By using re-search.py, we can search through the dumped data to find an IPv4 address, which may indicate a network connection or communication endpoint within the file.
Examine the Employee_W2_Form.docx file, what is the malicious domain in the docx file?

For this file, we will use the --domaintld flag in re-search.py to search for and identify any suspicious domain names or top-level domains (TLDs) embedded within the content.
python3 zipdump.py Employee_W2_Form.docx -D | python3 re-search.py -n -u domaintld

Examine the Work_From_Home_Survey.doc file, what is the malicious domain in the doc file?
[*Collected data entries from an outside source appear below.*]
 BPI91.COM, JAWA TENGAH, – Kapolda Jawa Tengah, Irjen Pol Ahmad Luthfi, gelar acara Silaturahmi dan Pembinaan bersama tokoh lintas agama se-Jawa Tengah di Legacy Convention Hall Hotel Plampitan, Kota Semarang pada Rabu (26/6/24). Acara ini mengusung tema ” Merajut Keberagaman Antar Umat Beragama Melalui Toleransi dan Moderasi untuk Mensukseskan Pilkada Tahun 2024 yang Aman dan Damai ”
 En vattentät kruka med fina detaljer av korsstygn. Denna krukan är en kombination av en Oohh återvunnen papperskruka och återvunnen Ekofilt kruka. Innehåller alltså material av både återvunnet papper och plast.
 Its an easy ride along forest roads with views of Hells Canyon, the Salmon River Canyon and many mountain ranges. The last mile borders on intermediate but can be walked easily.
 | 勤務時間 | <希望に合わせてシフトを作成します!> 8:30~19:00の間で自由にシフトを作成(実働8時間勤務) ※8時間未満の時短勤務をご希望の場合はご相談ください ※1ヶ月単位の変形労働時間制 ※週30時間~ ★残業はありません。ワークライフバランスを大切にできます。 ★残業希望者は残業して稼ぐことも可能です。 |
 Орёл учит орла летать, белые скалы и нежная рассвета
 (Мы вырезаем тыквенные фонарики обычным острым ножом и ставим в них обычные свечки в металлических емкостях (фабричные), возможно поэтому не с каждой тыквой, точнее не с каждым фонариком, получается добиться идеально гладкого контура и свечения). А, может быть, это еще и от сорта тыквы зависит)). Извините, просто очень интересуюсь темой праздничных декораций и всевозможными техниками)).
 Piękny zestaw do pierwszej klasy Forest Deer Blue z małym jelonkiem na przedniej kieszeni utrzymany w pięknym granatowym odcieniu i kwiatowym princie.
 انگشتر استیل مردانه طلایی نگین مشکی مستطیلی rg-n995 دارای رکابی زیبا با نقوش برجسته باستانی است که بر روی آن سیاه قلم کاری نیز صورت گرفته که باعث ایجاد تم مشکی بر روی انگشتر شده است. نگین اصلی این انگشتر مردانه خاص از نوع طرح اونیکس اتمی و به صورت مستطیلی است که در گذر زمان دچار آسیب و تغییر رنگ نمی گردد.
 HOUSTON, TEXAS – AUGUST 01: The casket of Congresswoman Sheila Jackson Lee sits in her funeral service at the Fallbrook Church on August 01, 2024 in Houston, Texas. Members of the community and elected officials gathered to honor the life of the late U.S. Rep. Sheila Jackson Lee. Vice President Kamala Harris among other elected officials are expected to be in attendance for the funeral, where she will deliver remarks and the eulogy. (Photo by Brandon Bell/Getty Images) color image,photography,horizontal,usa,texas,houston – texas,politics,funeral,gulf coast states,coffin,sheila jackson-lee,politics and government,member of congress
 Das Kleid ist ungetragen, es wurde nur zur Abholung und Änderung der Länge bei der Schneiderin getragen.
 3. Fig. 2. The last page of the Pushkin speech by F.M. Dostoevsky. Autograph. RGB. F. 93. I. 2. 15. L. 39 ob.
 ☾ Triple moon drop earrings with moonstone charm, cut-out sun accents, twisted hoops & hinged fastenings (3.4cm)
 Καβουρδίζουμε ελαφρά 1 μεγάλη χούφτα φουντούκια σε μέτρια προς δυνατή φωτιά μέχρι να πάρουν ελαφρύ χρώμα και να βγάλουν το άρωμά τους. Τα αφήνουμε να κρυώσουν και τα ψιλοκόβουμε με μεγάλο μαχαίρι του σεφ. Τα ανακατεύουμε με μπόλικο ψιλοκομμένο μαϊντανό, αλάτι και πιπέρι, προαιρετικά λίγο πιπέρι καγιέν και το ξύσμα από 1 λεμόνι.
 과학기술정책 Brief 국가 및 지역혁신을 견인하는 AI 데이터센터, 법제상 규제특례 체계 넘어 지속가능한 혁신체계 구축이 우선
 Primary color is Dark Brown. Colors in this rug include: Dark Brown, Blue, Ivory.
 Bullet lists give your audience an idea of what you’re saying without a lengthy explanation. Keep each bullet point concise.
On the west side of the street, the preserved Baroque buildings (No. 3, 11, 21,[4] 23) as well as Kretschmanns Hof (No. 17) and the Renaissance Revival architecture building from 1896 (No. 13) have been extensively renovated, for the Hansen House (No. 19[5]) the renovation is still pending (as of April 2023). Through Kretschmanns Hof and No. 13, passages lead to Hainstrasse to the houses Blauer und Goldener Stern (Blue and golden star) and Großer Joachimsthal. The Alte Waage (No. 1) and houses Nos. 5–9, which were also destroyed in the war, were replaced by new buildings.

Since the previous methods didn’t yield any results, we’ll need to dig deeper into the file’s components by further analyzing the embedded XML files, scripts, and other elements to uncover more information.
The document.xml.rels component in an OOXML file defines relationships between the main document and other parts, such as images, styles, macros, or URIs, specifying how they are connected using target paths or identifiers.

Let’s extract only this specific component using zipdump.py.

We see some encoded values; let’s use the numbers-to-strings.py tool to decode them.

Examine the income_tax_and_benefit_return_2021.docx, what is the malicious domain in the docx file?


For the following file, let’s investigate the document.xml.rels component again to search for the domain.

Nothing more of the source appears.